Development

Developing with conda

Linux and macOS

System Requirements

On macOS, any modern XCode (6.4 or higher; the current version is 8.3.1) is sufficient.

On Linux, for this guide, we recommend using gcc 4.8 or 4.9, or clang 3.7 or higher. You can check your version by running

$ gcc --version

On Ubuntu 16.04 and higher, you can obtain gcc 4.9 with:

$ sudo apt-get install g++-4.9

Finally, set gcc 4.9 as the active compiler using:

export CC=gcc-4.9
export CXX=g++-4.9

Environment Setup and Build

First, let’s create a conda environment with all the C++ build and Python dependencies from conda-forge:

conda create -y -q -n pyarrow-dev \
      python=3.6 numpy six setuptools cython pandas pytest \
      cmake flatbuffers rapidjson boost-cpp thrift-cpp snappy zlib \
      brotli jemalloc -c conda-forge
source activate pyarrow-dev

Now, let’s clone the Arrow and Parquet git repositories:

mkdir repos
cd repos
git clone https://github.com/apache/arrow.git
git clone https://github.com/apache/parquet-cpp.git

You should now see

$ ls -l
total 8
drwxrwxr-x 12 wesm wesm 4096 Apr 15 19:19 arrow/
drwxrwxr-x 12 wesm wesm 4096 Apr 15 19:19 parquet-cpp/

We need to set some environment variables to let Arrow’s build system know about our build toolchain:

export ARROW_BUILD_TYPE=release

export ARROW_BUILD_TOOLCHAIN=$CONDA_PREFIX
export PARQUET_BUILD_TOOLCHAIN=$CONDA_PREFIX
export ARROW_HOME=$CONDA_PREFIX
export PARQUET_HOME=$CONDA_PREFIX

Now build and install the Arrow C++ libraries:

mkdir arrow/cpp/build
pushd arrow/cpp/build

cmake -DCMAKE_BUILD_TYPE=$ARROW_BUILD_TYPE \
      -DCMAKE_INSTALL_PREFIX=$ARROW_HOME \
      -DARROW_PYTHON=on \
      -DARROW_BUILD_TESTS=OFF \
      ..
make -j4
make install
popd

Now, optionally build and install the Apache Parquet libraries in your toolchain:

mkdir parquet-cpp/build
pushd parquet-cpp/build

cmake -DCMAKE_BUILD_TYPE=$ARROW_BUILD_TYPE \
      -DCMAKE_INSTALL_PREFIX=$PARQUET_HOME \
      -DPARQUET_BUILD_BENCHMARKS=off \
      -DPARQUET_BUILD_EXECUTABLES=off \
      -DPARQUET_ZLIB_VENDORED=off \
      -DPARQUET_BUILD_TESTS=off \
      ..

make -j4
make install
popd

Now, build pyarrow:

cd arrow/python
python setup.py build_ext --build-type=$ARROW_BUILD_TYPE \
       --with-parquet --with-jemalloc --inplace

If you did not build parquet-cpp, you can omit --with-parquet.

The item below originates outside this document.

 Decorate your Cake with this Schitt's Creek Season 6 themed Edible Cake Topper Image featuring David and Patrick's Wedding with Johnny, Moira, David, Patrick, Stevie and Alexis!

You should be able to run the unit tests with:

$ py.test pyarrow
================================ test session starts ====================
platform linux -- Python 3.6.1, pytest-3.0.7, py-1.4.33, pluggy-0.4.0
rootdir: /home/wesm/arrow-clone/python, inifile:
collected 198 items

pyarrow/tests/test_array.py ...........
pyarrow/tests/test_convert_builtin.py .....................
pyarrow/tests/test_convert_pandas.py .............................
pyarrow/tests/test_feather.py ..........................
pyarrow/tests/test_hdfs.py sssssssssssssss
pyarrow/tests/test_io.py ..................
pyarrow/tests/test_ipc.py ........
pyarrow/tests/test_jemalloc.py ss
pyarrow/tests/test_parquet.py ....................
pyarrow/tests/test_scalars.py ..........
pyarrow/tests/test_schema.py .........
pyarrow/tests/test_table.py .............
pyarrow/tests/test_tensor.py ................

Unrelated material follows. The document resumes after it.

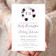 Esta design de casamento apresenta as iniciais da noiva e do monograma do noivo em roxo escuro, moldadas por uma camada aquosa de flores roxas e roxas e folhagem verde. Personalize o texto com os nomes dos casais em um guião elegante de escrita manual roxa e os detalhes do casamento em cinzas de carvão. O lado inverso é um tom sólido de roxo.

====================== 181 passed, 17 skipped in 0.98 seconds ===========

Windows

First, we bootstrap a conda environment similar to the C++ build instructions. This includes all the dependencies for Arrow and the Apache Parquet C++ libraries.

First, starting from fresh clones of Apache Arrow and parquet-cpp:

git clone https://github.com/apache/arrow.git
git clone https://github.com/apache/parquet-cpp.git
conda create -n arrow-dev cmake git boost-cpp ^
      flatbuffers snappy zlib brotli thrift-cpp rapidjson
activate arrow-dev

As one git housekeeping item, we must run this command in our Arrow clone:

cd arrow
git config core.symlinks true

Now, we build and install Arrow C++ libraries

mkdir cpp\build
cd cpp\build
set ARROW_BUILD_TOOLCHAIN=%CONDA_PREFIX%\Library
set ARROW_HOME=C:\thirdparty
cmake -G "Visual Studio 14 2015 Win64" ^
      -DCMAKE_INSTALL_PREFIX=%ARROW_HOME% ^
      -DCMAKE_BUILD_TYPE=Release ^
      -DARROW_BUILD_TESTS=off ^
      -DARROW_PYTHON=on ..
cmake --build . --target INSTALL --config Release
cd ..\..

Now, we build parquet-cpp and install the result in the same place:

mkdir ..\parquet-cpp\build
pushd ..\parquet-cpp\build
set PARQUET_BUILD_TOOLCHAIN=%CONDA_PREFIX%\Library
set PARQUET_HOME=C:\thirdparty
cmake -G "Visual Studio 14 2015 Win64" ^
      -DCMAKE_INSTALL_PREFIX=%PARQUET_HOME% ^
      -DCMAKE_BUILD_TYPE=Release ^
      -DPARQUET_ZLIB_VENDORED=off ^
      -DPARQUET_BUILD_TESTS=off ..
cmake --build . --target INSTALL --config Release
popd

After that, we must put the install directory’s bin path in our %PATH%:

set PATH=%ARROW_HOME%\bin;%PATH%

Now, we can build pyarrow:

cd python
python setup.py build_ext --inplace --with-parquet

Then run the unit tests with:

py.test pyarrow -v

Running C++ unit tests with Python

Getting python-test.exe to run is a bit tricky because your %PYTHONPATH% must be configured given the active conda environment:

set CONDA_ENV=C:\Users\wesm\Miniconda\envs\arrow-test
set PYTHONPATH=%CONDA_ENV%\Lib;%CONDA_ENV%\Lib\site-packages;%CONDA_ENV%\python35.zip;%CONDA_ENV%\DLLs;%CONDA_ENV%

Now python-test.exe or simply ctest (to run all tests) should work.